Ее имя на идише — Рохл Боймволь; именно в таком произношении оно стало популярным уже в 1930‑х годах среди читателей поэзии на идише — ее родном языке и языке ее творчества.

В мемуарах неизвестного автора, машинописная страница которых, датированная 1947 годом, сохранилась в архиве Рахили Баумволь, говорится: «…Иегуда‑Лейб Баумволь приехал тогда [в Киев. — В. Л.] со своей милой женой и маленькой дочкой Рохеле Баумволь, замечательным ребенком, говорившим чудесно по‑еврейски и полным обаяния, которым обладают лишь одаренные чуткие дети. Трех‑четырехлетняя девочка сидела в театре на дневных представлениях… Она схватывала с удивительной любознательностью и ревнивостью все, что происходило на сцене…»
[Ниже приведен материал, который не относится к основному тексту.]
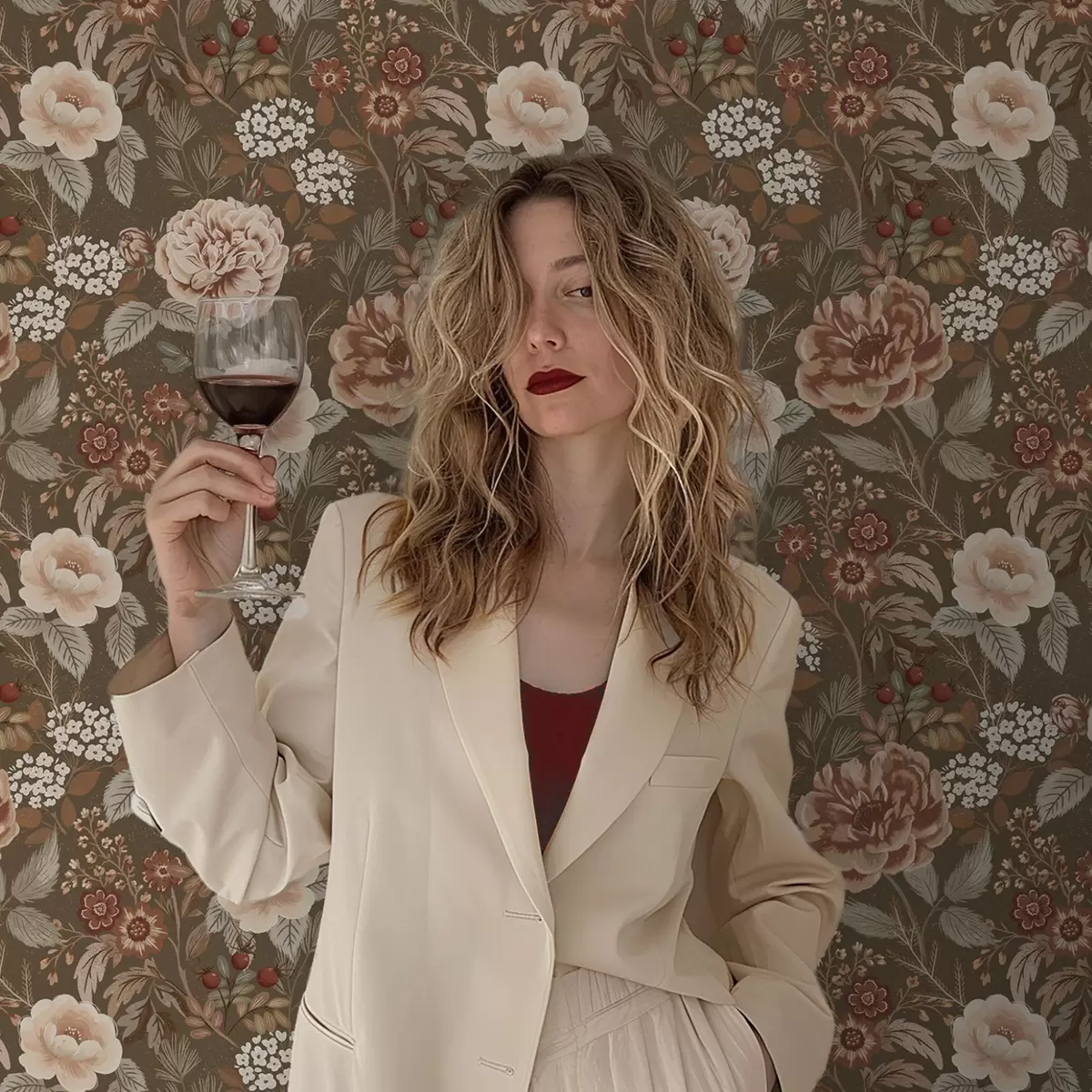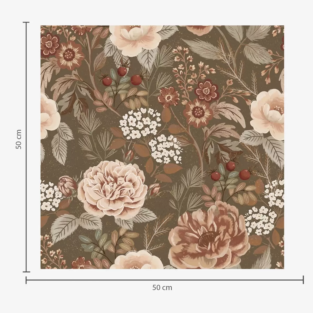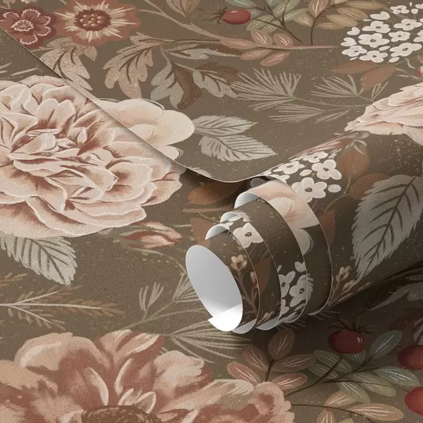 Papel pintado Rosas cálidas y bayas sobre fondo marrón Nr. a00868

Первые рифмованные строфы Рохеле, не умевшей еще ни читать, ни писать, записывала мать. Читать Рохеле научилась в пять лет, в девять лет, освобождаясь постепенно от гипсового панциря, в котором пролежала два с половиной года, она научилась писать, а в 16 — выпустила первый сборник своих стихотворений — «Киндерлидер» («Детские стихи»). В 1931 году она завершила образование в Музыкальном техникуме им. Гнесиных. И тогда же поступила на литературно‑лингвистическое отделение Московского государственного педагогического института им. А. С. Бубнова, который окончила в 1935 году вместе со своим сокурсником и мужем — еврейским поэтом Зямой Телесиным. (Имя и фото советского деятеля А. С. Бубнова, расстрелянного в 1937 году, супругам пришлось выдрать из общей фотографии выпуска 1935 года, сохранившейся в их семейном архиве.)
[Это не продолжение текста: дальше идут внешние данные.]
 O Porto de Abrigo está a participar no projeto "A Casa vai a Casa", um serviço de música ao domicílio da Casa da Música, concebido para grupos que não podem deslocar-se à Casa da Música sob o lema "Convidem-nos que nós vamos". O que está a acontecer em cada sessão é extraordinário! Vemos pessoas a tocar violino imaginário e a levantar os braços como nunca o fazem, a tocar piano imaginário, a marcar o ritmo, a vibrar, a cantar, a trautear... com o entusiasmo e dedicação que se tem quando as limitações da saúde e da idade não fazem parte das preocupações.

Опубликованные в еврейской периодике и вышедшие отдельными изданиями в Минске и в Москве довоенные стихи Рохл Боймволь на идише завоевали ей признание еврейского читателя. Ее стихи на русском и переводы с идиша, выходившие в годы войны, сделали ее имя популярным и среди русскоязычных любителей поэзии. Ее называли «еврейской Ахматовой». Сама же Анна Андреевна, отмечая одаренность Рахили Баумволь, направленность ее лирики в прошлое и подчеркнутый «примитивизм» ее поэтического стиля, назвала ее «Шагалом в юбке». (Они познакомились в эвакуации в Ташкенте, Ахматова была искренне растрогана посвященным ей Рахилью стихотворением «Прогулка».)

Обложка сборника Рахили Баумволь

После разгрома еврейской культуры в позднесталинские годы русский язык стал на время единственным языком творчества Рахили Баумволь. В 1950‑х годах она публиковала на русском стихотворения, рассказы и сказки для детей (последние выходили миллионными тиражами), а в 1960‑х в ее творчестве сформировался новый жанр — «сказки для взрослых». В период оттепели выходили ее переводы с идиша, в их числе — шедевр Моисея Кульбака «Зелменяне». Несмотря на напряженные отношения с Ароном Вергелисом, редактором «Советиш Геймланд», она также печаталась в этом единственном в СССР журнале на идише.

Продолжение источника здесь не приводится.